Schur complement and "negative definite"! Hi I have the following problem. 
Let the symmetric matrix M of the form:
\begin{bmatrix} 
  A & B \newline
  B^T & C  \newline
\end{bmatrix}
We have that $C$ is positive semidefinite. Is there a way to transform the constraint $A-BC^{-1}B^T \leq 0$ to a constraint using matrix $M$? 
I know that in case the constraint was $A-BC^{-1}B^T \geq 0$ the answer is $M \geq 0$.
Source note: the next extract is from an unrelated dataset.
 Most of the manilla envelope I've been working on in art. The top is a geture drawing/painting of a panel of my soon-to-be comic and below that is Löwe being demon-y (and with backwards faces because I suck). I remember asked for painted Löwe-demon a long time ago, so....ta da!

But can we say something similar for the negative definite constraint? (I have already checked that $A-BC^{-1}B^T \leq 0 \Leftrightarrow M \leq 0$ Does not hold.) Is there another way to transform this constraint to a linear over the matrix B?
Thank you very much!
 A: $M$ is congruent to ${\rm diag}(A-BC^{-1}B^T,C)$. Therefore the condition $A-BC^{-1}B^T\le0$ amounts to saying that the maximal dimension of positive subspace is the size $p$ of $C$.If $A-BC^{-1}B^T<0$, this is saying that the signature of $M$ is $(p,0,q)$, where $q$ is the size of $A$.
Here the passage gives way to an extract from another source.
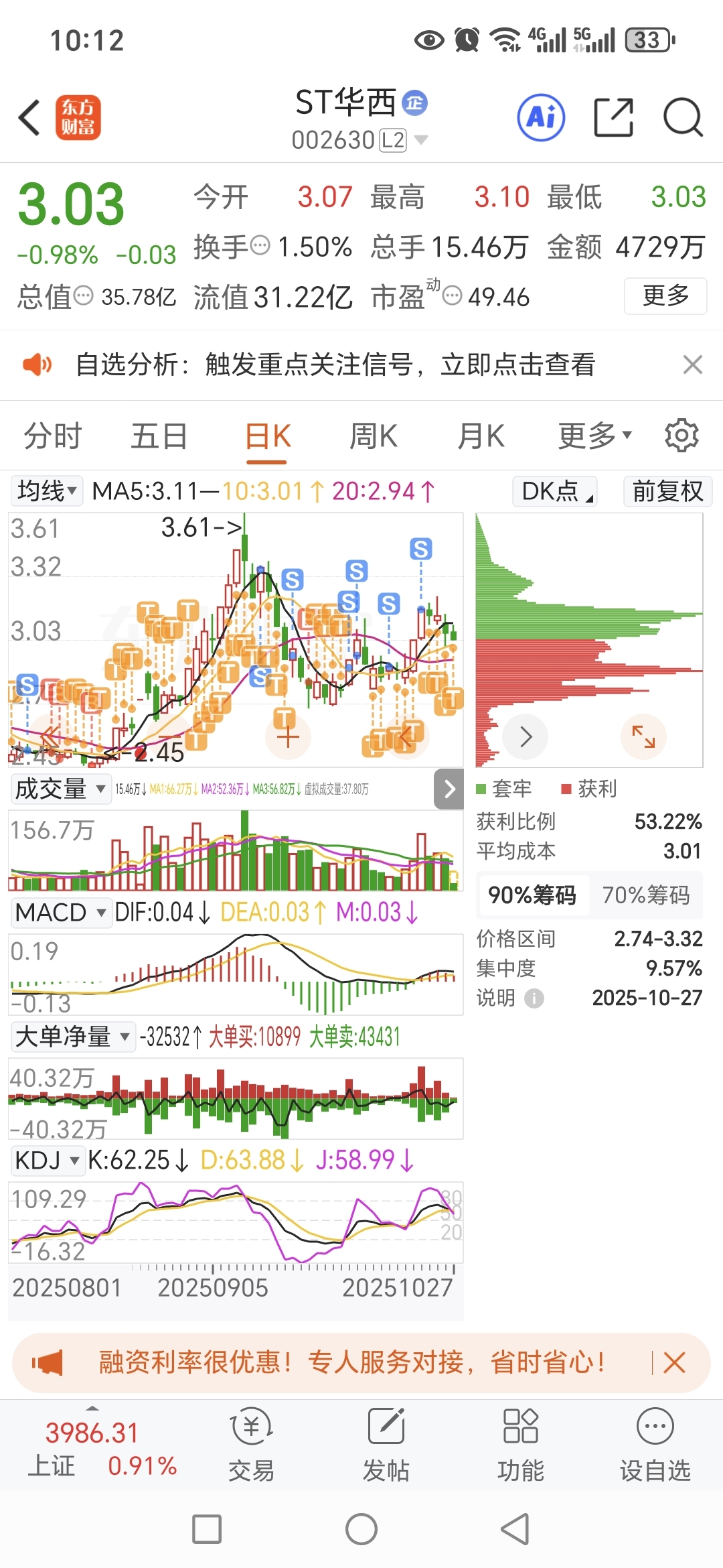 $ST华西(SZ002630)$ 2分钱已到手,主力明天继续跌

A: Its not completely clear what you are asking: what does it mean to "transform this constraint to a linear over the matrix B?" But perhaps it will be helpful to note that the set of matrices of your form satisfying $$C \geq 0, ~~A - B C^{-1} B^T \leq 0$$ is not convex: just consider what happens when you take the average of two $2 \times 2$ matrices, one with $A=2,C=1/2,B=1$ and the other with $A=1/2, C=2, B=1$. So it is impossible to express these two constraints in terms of linear inequalities on matrices $A,B,C,D$. 
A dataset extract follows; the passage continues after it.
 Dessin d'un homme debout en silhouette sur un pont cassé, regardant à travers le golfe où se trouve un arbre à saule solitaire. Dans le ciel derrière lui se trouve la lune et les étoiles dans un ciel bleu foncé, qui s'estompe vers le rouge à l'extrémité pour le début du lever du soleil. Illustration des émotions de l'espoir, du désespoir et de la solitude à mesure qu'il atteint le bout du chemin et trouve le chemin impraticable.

A: No, that's not quite the generalization that you'll get when you extend the Schur complement theorem for positive definite matrices to negative definite matrices.  Try using the fact that a matrix $X$ is negative definite if and only if $-X$ is positive definite and then follow the sign changes through- you'll end up with a slightly different $M$ matrix.